The Neon Demon, the film that stalled Refn’s career for over a decade, was a controversial release, much like his worksbefore it. With a 59% critics’ score and a 51% audience score on Rotten Tomatoes, it was higher than Only God Forgives‘ 41%, but not anywhere near the acclaim Drive received when it was released in 2013. Critics started mocking his pictures, especially for the slow, neon-lit images of characters staring into space.
But others loved it. They couldn’t get enough of Refn’s work. So his absence has left a big hole in cinema.
Yes, of course, he did do some television work over the years. Too Old To Die Young showed up on Amazon in 2019. Copenhagen Cowboy arrived in 2022. And, at one point, he was even developing Enid Blyton’s The Famous Five. But none of the TV stuff had the urban dread you’d expect when seeing his films.

Now, according to original Maniac Cop director William Lustig, Refn is preparing to shoot the reboot in autumn 2026. Lustig, now executive producing, confirmed on Icons Of Fright: “Nic has it as his next project, that will shoot in the fall.”
Those who remember know that the 1988 original carried one of the greatest taglines ever printed on a poster: “You have the right to remain silent… forever.” It followed a killer in NYPD uniform terrorising New York City while Tom Atkins’ Lieutenant McCrae hunted him down and Bruce Campbell’s Officer Jack Forrest found himself framed for the murders.
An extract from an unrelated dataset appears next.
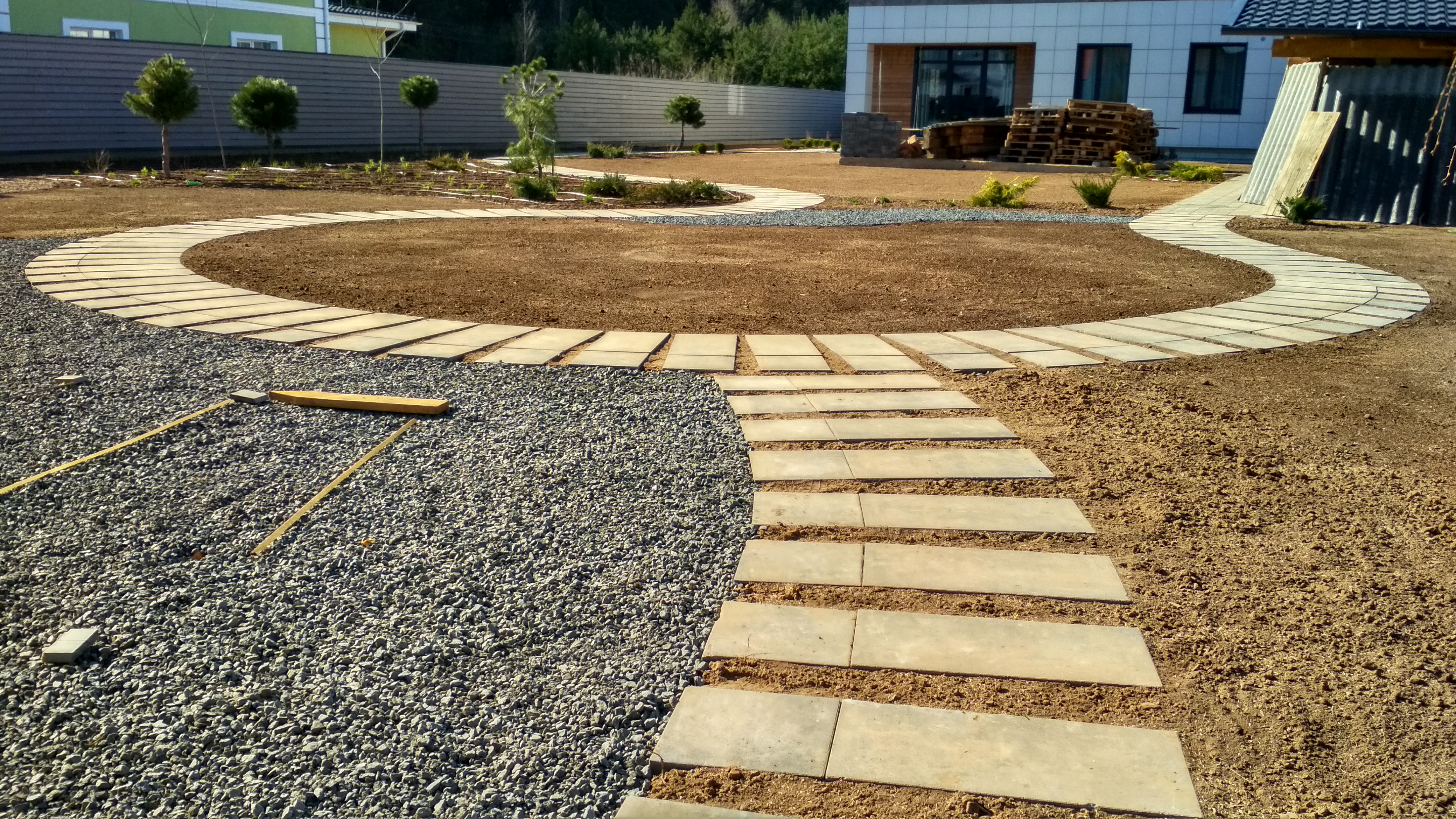 До начала мощения необходимо подготовить основание, которое послужит опорой для будущего покрытия. Основными материалами являются песок, песчано-гравийная смесь и гранитный щебень. Толщина слоя такой подготовки зависит от типа грунта, также при большом количестве глины рекомендуется использовать геотекстиль, чтобы ограничить просадку несущего основания.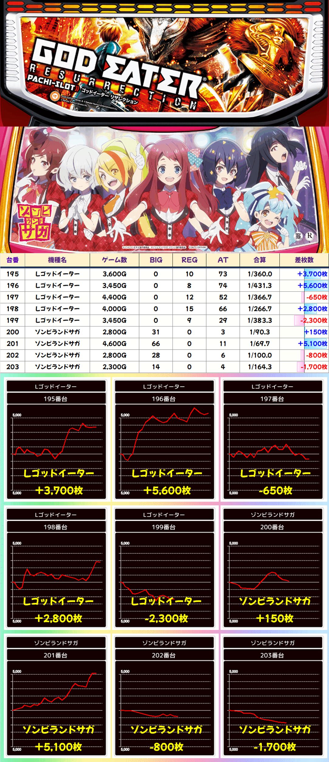 全系9台並び:ゴッドイーター&ゾンサガ(5/9台+)【平均+1,322枚】

Refn’s version was once set up at HBO, which reportedly spent “a million dollars” developing scripts before corporate reshuffling under Warner Bros. Discovery in 2022 derailed it. “We’re not in the Maniac Cop business,” Lustig recalled them saying before the project died.
Legal delays after Larry Cohen (the original writer) died in 2019 stalled everything for years. But now that the estate issues are settled, a distributor is apparently locked in, and cameras are preparing to roll.
Refn already has Her Private Hell, starring Sophie Thatcher, rumoured for Cannes in May. But Maniac Cop feels like the real comeback. Neon lights. Violence. And snyth. We’re here for it.